→ WHAT TO DO
Full transcription, minus images: write out the listing below exactly as it appears.

→ GIVEN DATA
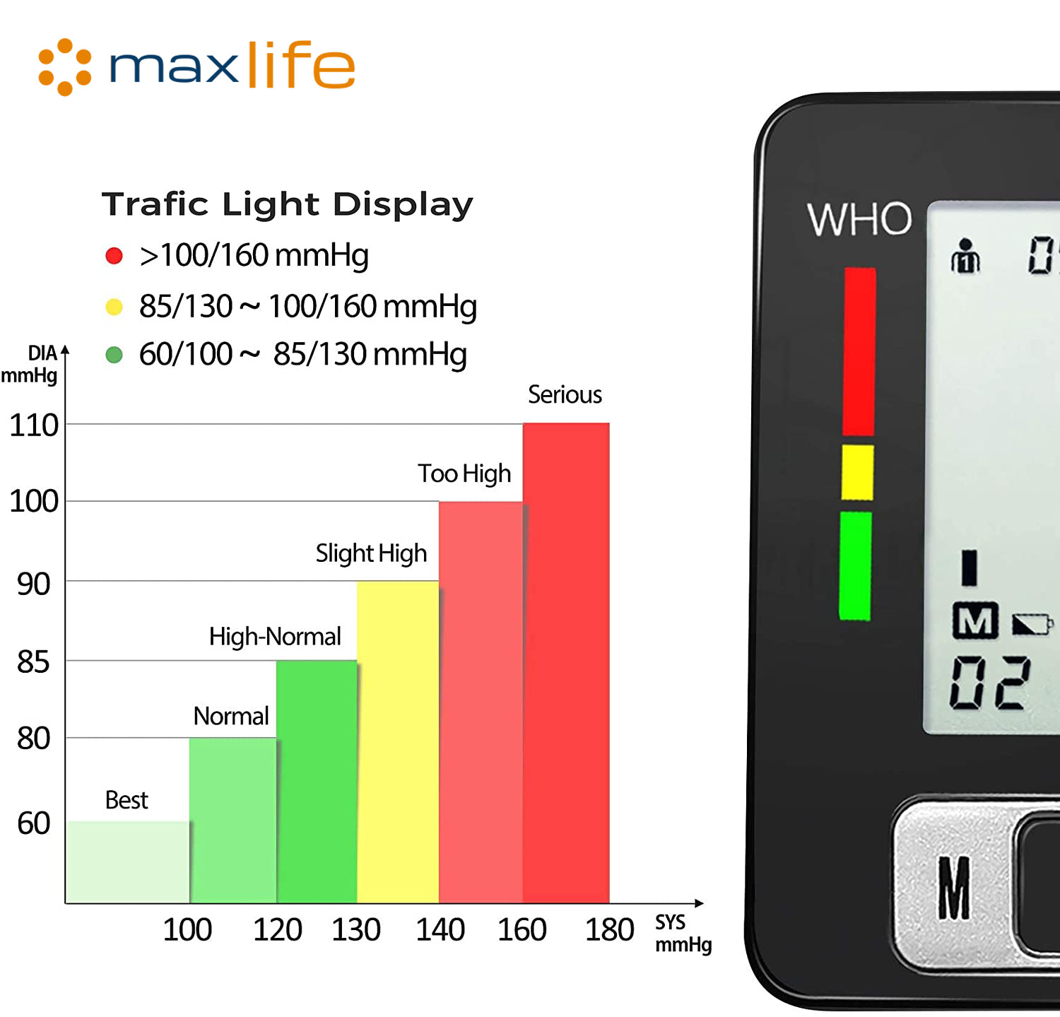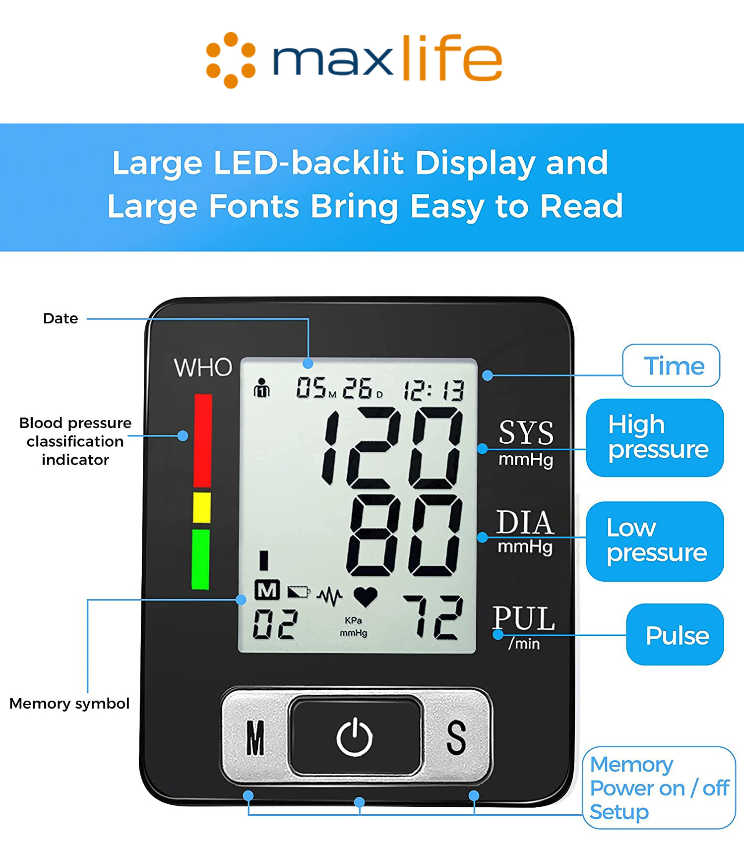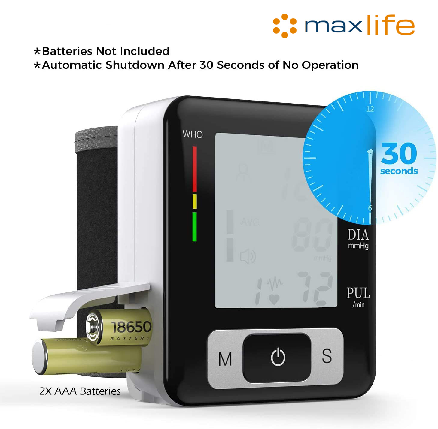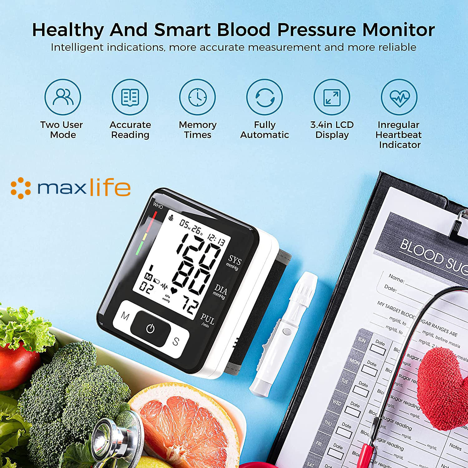 - Wrist-type Digital Blood Pressure Monitor: An automatic arm cuff LCD blood pressure pulse monitor with portable design, measuring user’s heartbeat with an effective warning of heart disease, and monitoring your blood pressure at home or outside
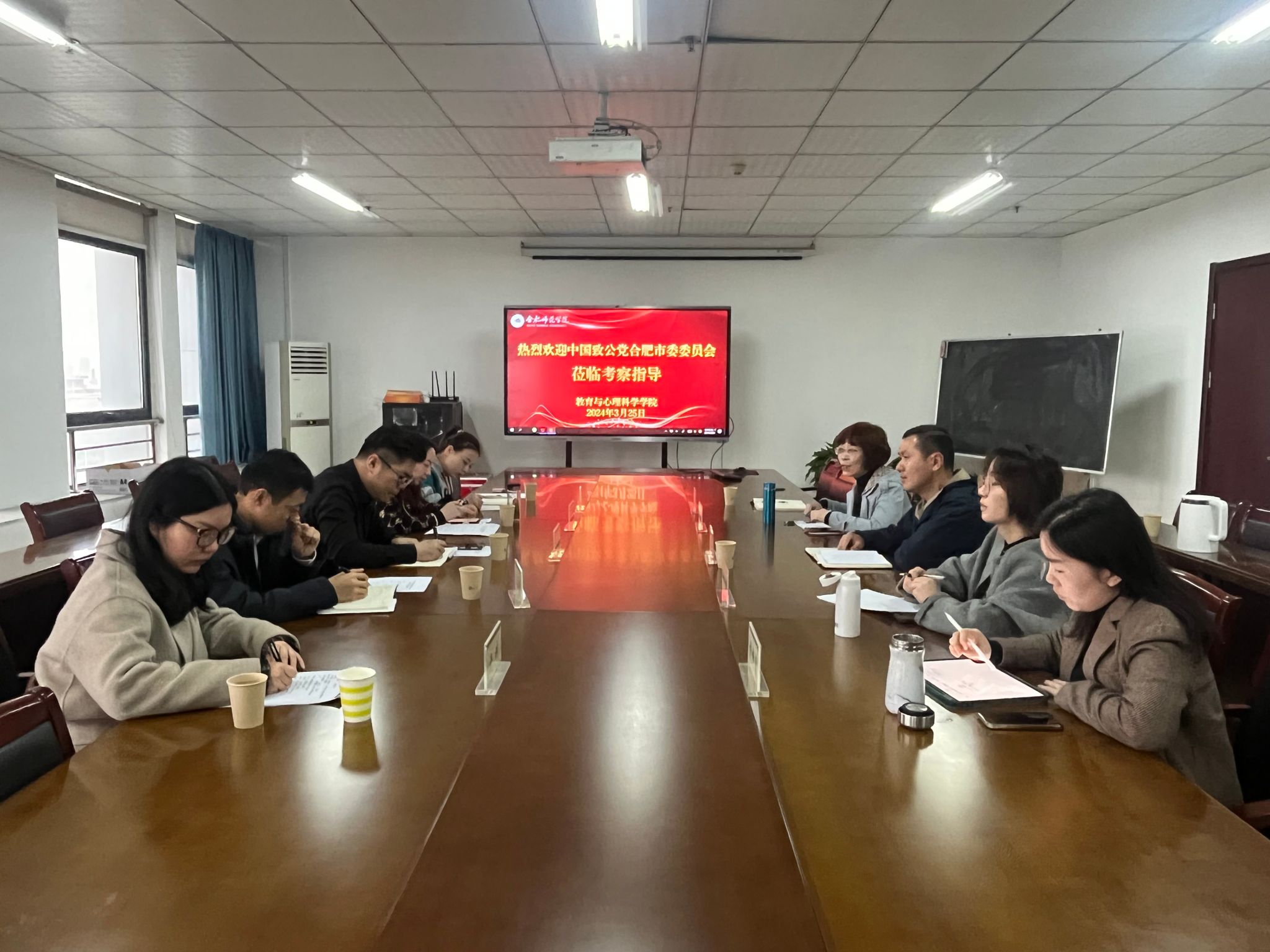 3月25日上午,中国致公党合肥市委员会瑶海总支主委刘泱、省二院支部主委王章桂等一行5人莅临tyc8722太阳集团调研交流。tyc8722太阳集团心理系主任黄凤副教授、陈庆华教授、蒋柳青博士等参加调研会,会议由教育与心理科学公司党委副书记陈帅主持。
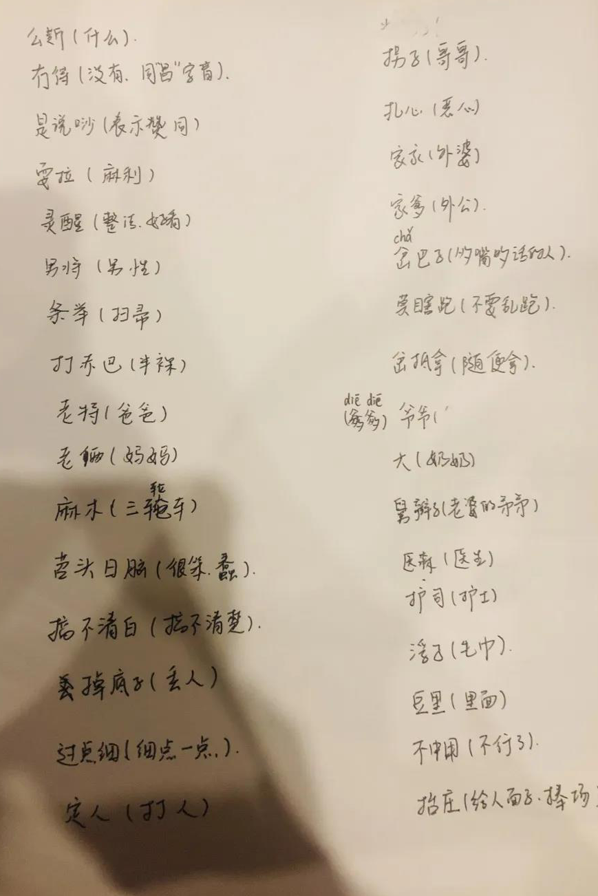 因为是当地人,在雷神山医院C4病区吴凡充当了“小翻译”。也整理了一些武汉话常用语翻译给同事们:老特(爸爸、老爸),老俩(妈妈),家家(外婆),家爹(外公),麻木(三轮车),耍拉(麻利、动作快又干净利落)等等……

→ REPLY
 - Wrist-type Digital Blood Pressure Monitor: An automatic arm cuff LCD blood pressure pulse monitor with portable design, measuring user’s heartbeat with an effective warning of heart disease, and monitoring your blood pressure at home or outside
 3月25日上午,中国致公党合肥市委员会瑶海总支主委刘泱、省二院支部主委王章桂等一行5人莅临tyc8722太阳集团调研交流。tyc8722太阳集团心理系主任黄凤副教授、陈庆华教授、蒋柳青博士等参加调研会,会议由教育与心理科学公司党委副书记陈帅主持。
 因为是当地人,在雷神山医院C4病区吴凡充当了“小翻译”。也整理了一些武汉话常用语翻译给同事们:老特(爸爸、老爸),老俩(妈妈),家家(外婆),家爹(外公),麻木(三轮车),耍拉(麻利、动作快又干净利落)等等……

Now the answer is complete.